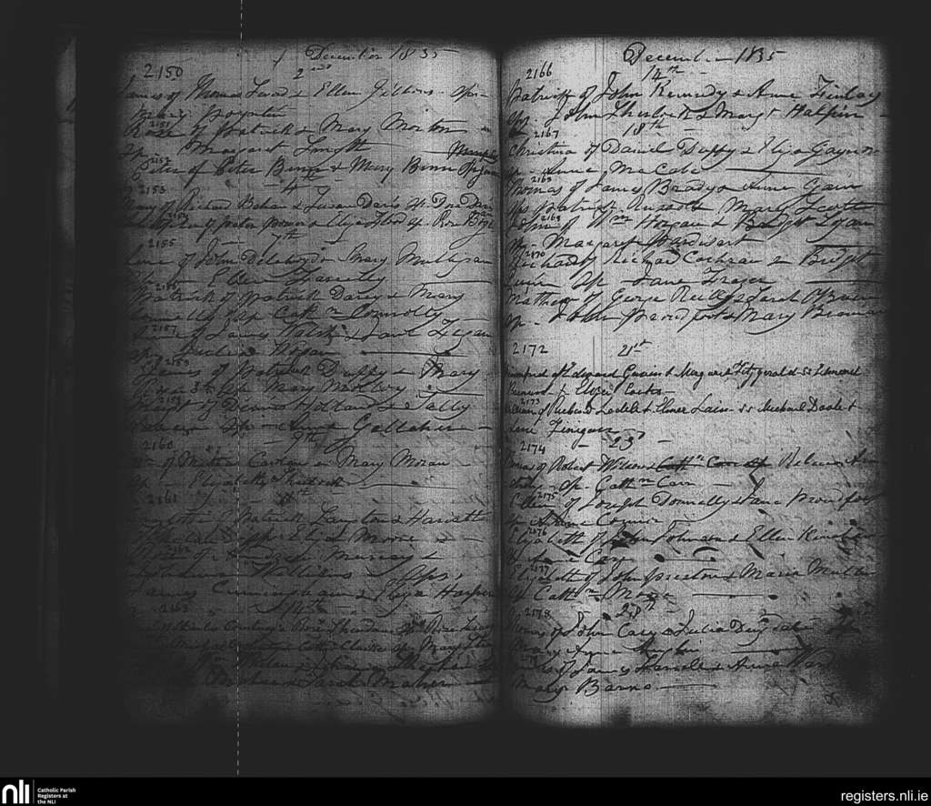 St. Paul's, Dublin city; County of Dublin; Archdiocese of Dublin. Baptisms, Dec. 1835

· · ·

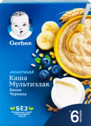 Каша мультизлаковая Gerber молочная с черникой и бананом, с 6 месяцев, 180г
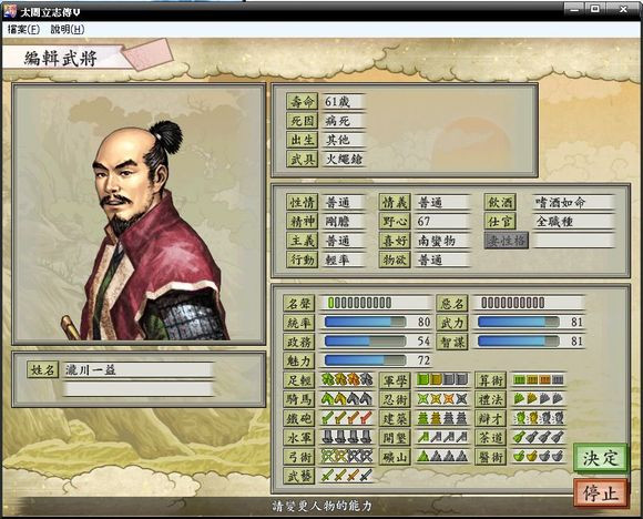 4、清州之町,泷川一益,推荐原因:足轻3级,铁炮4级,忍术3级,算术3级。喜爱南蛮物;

· · ·

Action item: Would you print exactly the lines in the listing above, from the line bearing "Каша мультизлаковая Gerber" through the line bearing "4、清州之町,泷川一益,推荐", leaving out all pictures?

Response to the task:
 Каша мультизлаковая Gerber молочная с черникой и бананом, с 6 месяцев, 180г
 4、清州之町,泷川一益,推荐原因:足轻3级,铁炮4级,忍术3级,算术3级。喜爱南蛮物;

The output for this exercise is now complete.